This is another one of those situations where I jotted down a shorthand note about a blog post and forgot what I meant. ‘Carrying on’ must have sounded good at the time and I swore I’d get to it quickly. I didn’t and now I’m in another awkward moment. Most people would trash it and do something else, but I always continue with the idea. Maybe I’ll get it right. So, what does carrying on mean?
- Loading items onto something.
- Continuing to push forward.
- Activity done by wayward sons.
As you can guess, I’m going to focus on #3 because that feels like where I would go considering my life lately. It’s been rough and I’ve been struggling to move ahead in various aspects of my life. Writing is a big one since I don’t have nearly as much time as I would like. It’s difficult to find a few minutes to focus and my weekends aren’t running that smoothly. Something always comes up, which adds more sadness and frustration to the author side of my personality. I fear there will be a day where the little bit of outlining I get done will no longer be enough. Going to be really crazy once the summer hits too, so we’ll see how much of me will be left.
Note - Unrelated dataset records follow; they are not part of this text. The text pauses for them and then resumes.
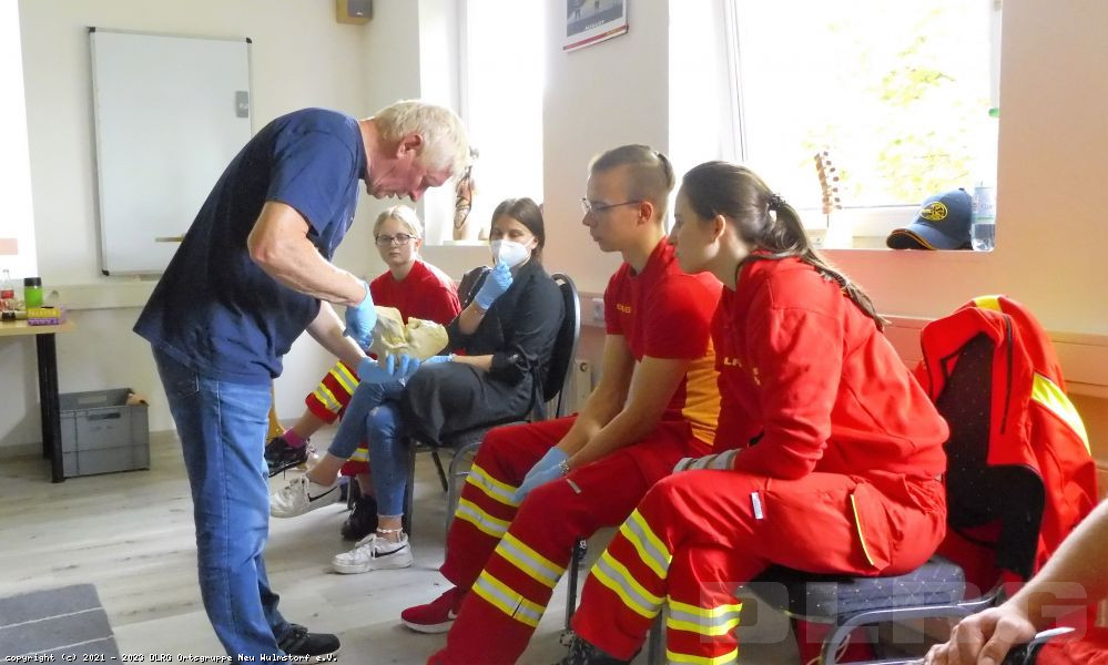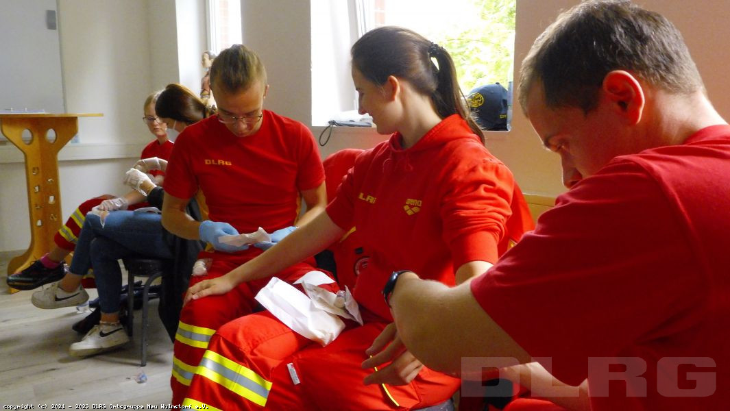 Des Weiteren beinhaltet der Kurs, das Erkennen von Notfällen, das Absetzen eines Notrufes, die Versorgung von Wunden und die Betreuung von Verletzten.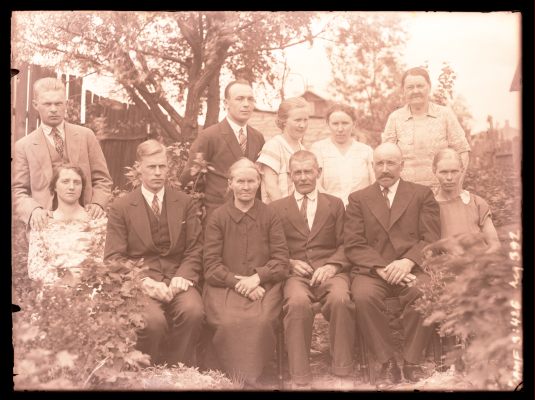 Jaan Kalviste tundmatute kaaslastega aias. Grupipilt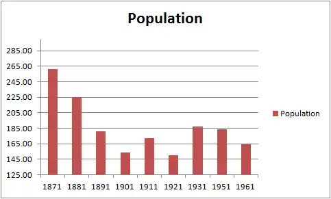 The population in Hollington is currently recorded in the census along with other nearby settlements; as a result it is hard to determine the current total population. During the last census that Hollington was individually analysed in 1961 it was at 164 people; much lower than roughly 90 years before, when it was at 261.[3] Of the 212 people currently living in Hollington 149 are between 16 and 74 and of those people 95 people are economically active 28 are in the manufacturing industry and 72[4] are in the service industry, likely working in the nearby towns and cities.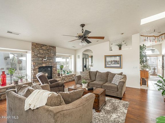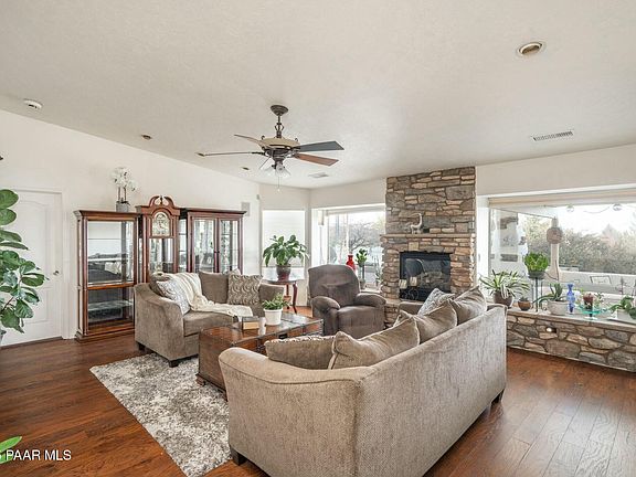 Wonderful pride of ownership in this property! Beautiful 3 bedroom, 2 bath home with custom kitchen. The kitchen features lots of counter space & eat-in area. There is a large great room with a stone fireplace. The home features wood flooring along with tile & carpet & 3 fireplaces. The master suite is exponentially large & features a gas fireplace. There is a lot of storage in the home & the lighting is inviting throughout. The 2 car garage houses the HVAC unit with permanent filter & humidifier system on it. The outdoor living space is exceptionally large featuring 3 separate seating areas & & yet another fireplace. This corner lot location has been beautifully cared for & it's definitely one you'll want on your list. The home is approx. 2175 & was built in 1998.

It’s funny because I spent 10 post-college years only outlining and editing the same 1-3 books. You would think I’d have a way to carry on in that fashion once more. Yet, I learned at the end of that period that you aren’t going to get anywhere if you sit and wait for someone. I tried to control my path with self-publishing and this blog, which gave me more author success in 5 years than I ever had in the previous 19-20. I’m going back to high school there. It’s really hard to put the genie back in the bottle and throw the thing under the bed. Keep thinking that I missed a key element in getting to the next stage, but I know I can’t put all my time into it now. My focus is on my job and my son. Of course, this makes me feel that I squandered my indie author time.
The thing with finding the strength to carry on is that it is both powerful and fragile. It can propel you forward even if it’s a different path. Yet, it can be lost or hampered the instant you look backwards. This can be either by your own actions or somebody simply asking how the old stuff is doing. I think of it like climbing a very high cliff and you’re told to not look down. Just don’t do it even though everyone does. It really isn’t easy to carry on after feeling like you’ve lost so much.
What do you think about carrying on? Any advice on how to do it?